Capitec Bank CFO André du Plessis "overall pleased" with half-year results

André highlights the impact of IFRS 9 on Capitec Bank's results, saying the quality of the book has improved.

Capitec Bank has announced its financial results for the six months ended August on 26 September, reporting a 20 percent increase in headline earnings year-on-year and a 28 percent return on equity (ROE). 

“Overall we are pleased with the results,” Capitec Bank CFO André du Plessis said. “When analysing the results it is important to understand the impact of IFRS 9, which was implemented in March.”

André explained that the impact of IFRS 9 resulted in: 

  • Interest income and the related credit impairment charge are netted off for stage-three loans. The effect is that interest and the credit impairment charge are lower by R764 million. If taken into account the decrease in the net impairment charge would be 4 percent versus the 17 percent.
  • The gross loan book has increased by 17 percent however under IFRS 9, loans are only written off when there is no reasonable expectation of further recovery, whereas previously loans were written off when they were more than three months in arrears or had a legal status. The result is that loans remain on the book for a longer period of time (an appropriate provision is carried against these loans).

He continued, saying:

“The quality of the book has improved and this can be seen in the decrease in arrears up to three months of 11 percent. The credit loss ratio decreased to 7.2 percent compared to 10.2 percent in the six months ended August 2018.”
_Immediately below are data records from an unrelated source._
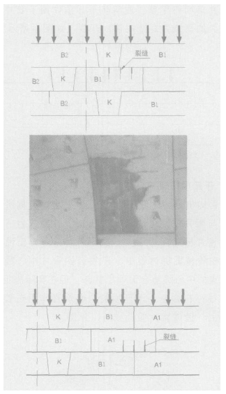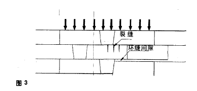 1.2后开裂 裂缝从管片后端开裂并向前延伸(见图2),此类裂缝主要在隧道的两腰部位或偏上位置。2管片开裂的原因分析 盾构隧道管片为钢筋混凝土结构其开裂主要为受力不均或受力过大所造成。在施工过程中,管片的受力状态与设计所考虑的不完全一致盾构机掘进过程中管片承受着千斤顶顶力盾尾密封刷的作用力和衬砌背后注浆的浆液压力等在这些荷载的相互作用下使盾构管片出现了不同的受力特征。通过对现场观察了解结合其它地铁工程中的经验造成管片出现上面开裂现象的主要原因可能有如下几种:2 .1盾构机千斤顶总推力较大 作用于管片上的力是造成管片开裂的最基本因素其中盾构推进过程中总推力过大是致使管片开裂的最直接原因。目前,国内地铁盾构隧道施工中,淤泥质粘土层中总推力为8000 ~12000kN;细砂土地层中总推力为12000 ~15000kN,当总推力过大时,对于养护不好并且配筋小的管片则有可能开裂。2 .2管片环面不平整 造成管片环面不平整主要有:管片制作精度误差管片纠偏时贴片不平整;盾构机推进时各区的千斤顶推力大小不等管片之间的环缝压缩量不一致等原因。因管片环面不平整盾构机千斤项作用于管片上将产生较大的劈裂力矩造成管片开裂(如图3所示)。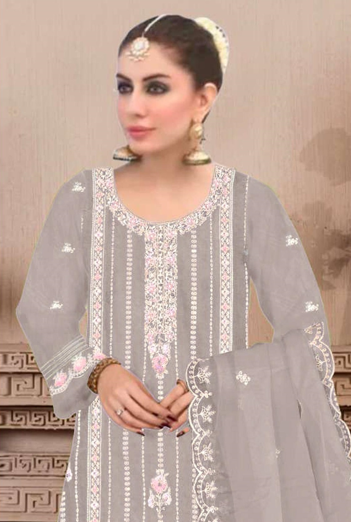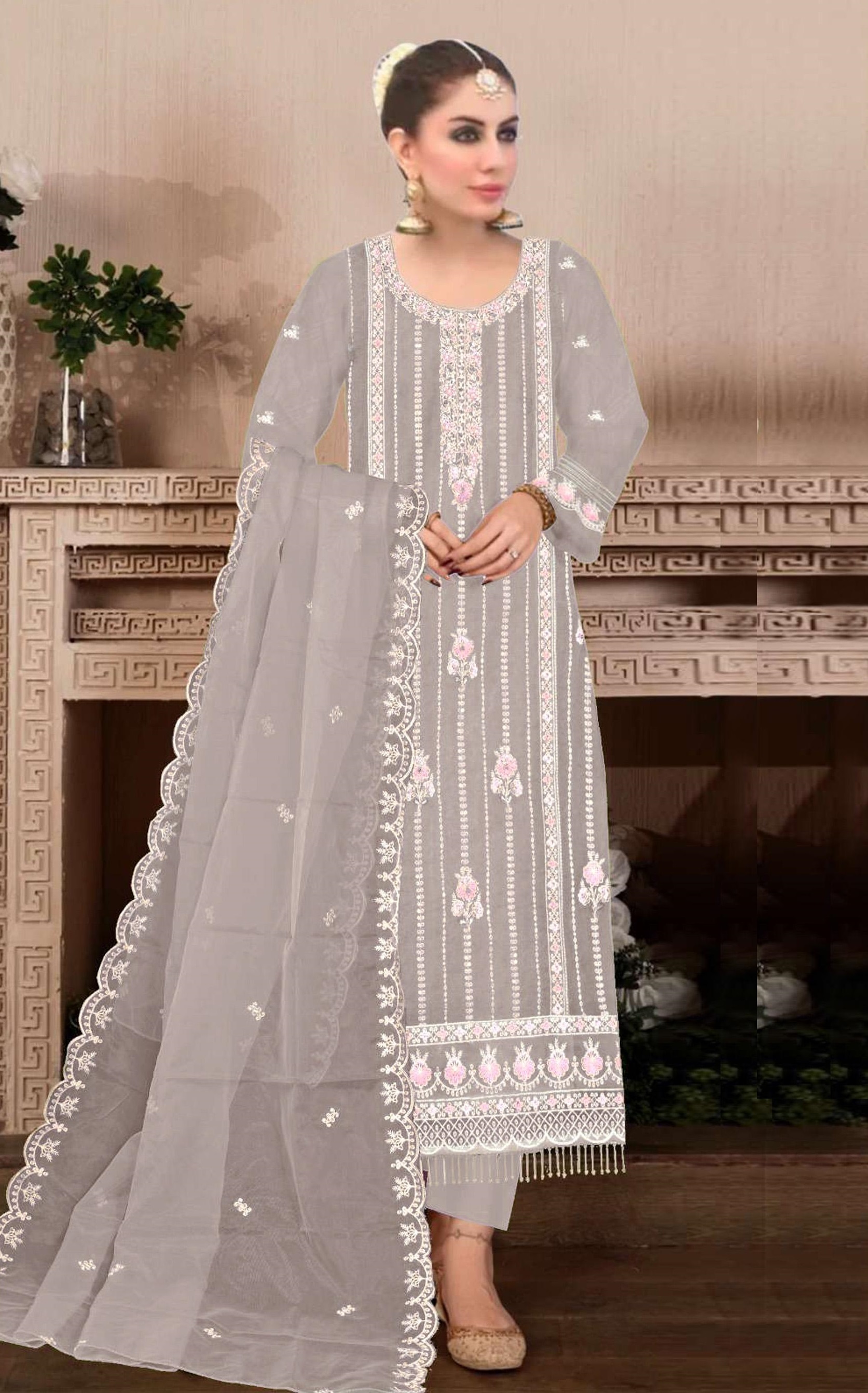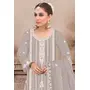 Light Grey Embroidered Viscose Chinon Semi Stitched Salwar Suit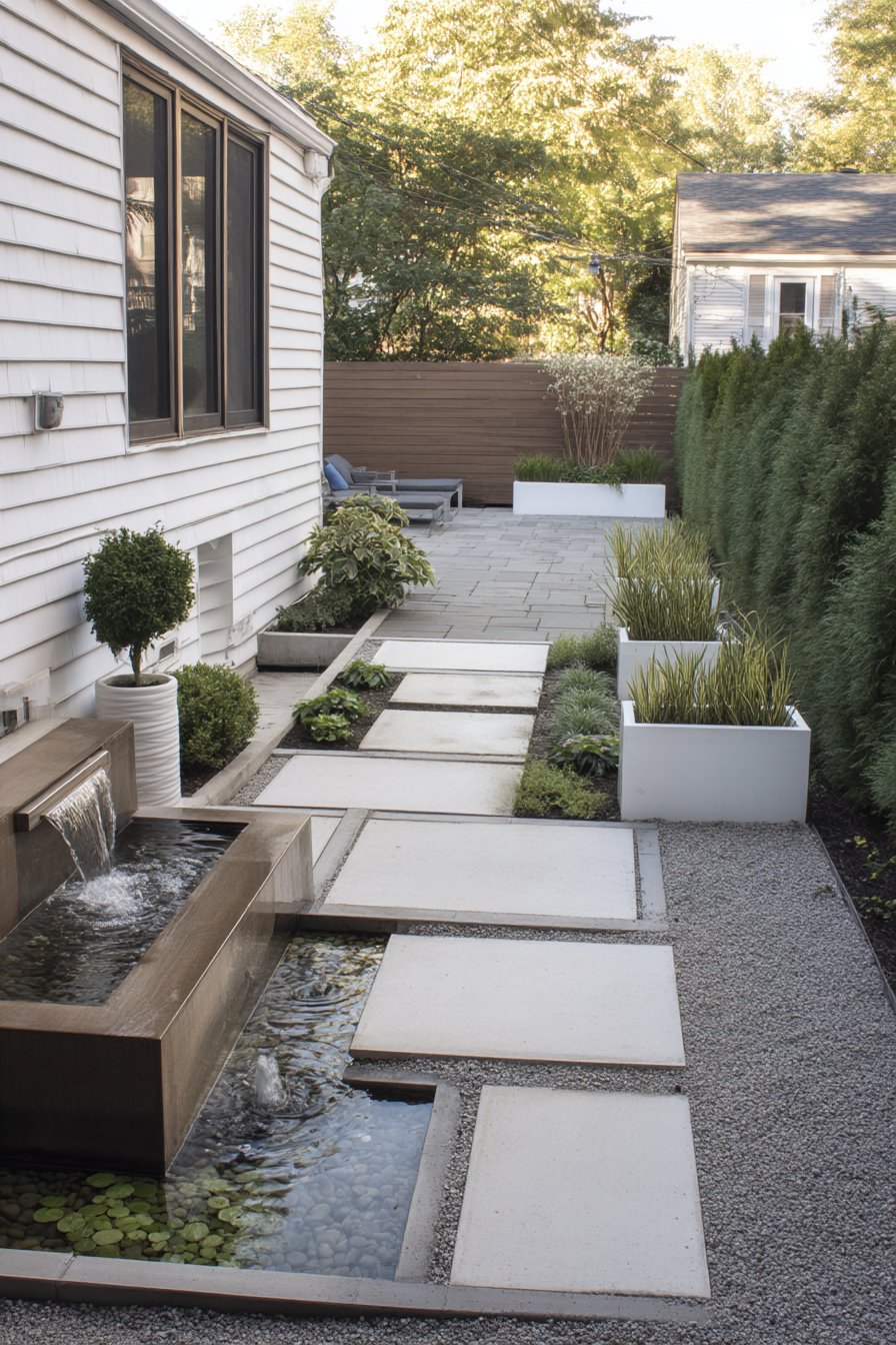 This garden design beautifully combines sleek stone pathways with a tranquil water feature, creating a serene atmosphere perfect for relaxation. To replicate this look, consider using low-maintenance plants like boxwoods and ornamental grasses alongside modern planters for a contemporary touch.

According to André, further drivers include:

  • Average client growth of almost 200,000 per month over the last six months (total clients 12.6 million).
  • 6.8 million clients now making use of the bank’s digital channels (up from 4.7 at the end of August 2018).
  • Net transaction fee income increased by 12 percent despite the decrease in transaction fees. The net transaction fee and funeral income covered 91 percent of operating expenses (August 2018 90 percent).
  • Operating expenses have increased by 14 percent.
  • Implementation of IFRS 16 resulted in a depreciation charge of R199 million (included in opex) and R134 million of interest costs (included in interest expense). These costs replace operating lease charges for the period ended August 2018, of R245 million. IFRS 16 has the impact of front-loading the total lease cost. Over time, the interest cost will reduce as the lease liability reduces.
  • Capitec has sold more than 1 million funeral policies since the product launched in May 2018 (100,000 per month for the last 2 months). 67 percent of all policies sold are active and funeral insurance has contributed R107 million to the bottom line for the 6 months ended August 2019.

“Going forward, the Debt Intervention legislation does not compromise our credit portfolio as less than 5 percent of our credit book falls within the scope of the act. Currently, clients addressed in the act have the option to approach a debt counsellor or apply for debt review in which case we raise an appropriate credit impairment,” André said.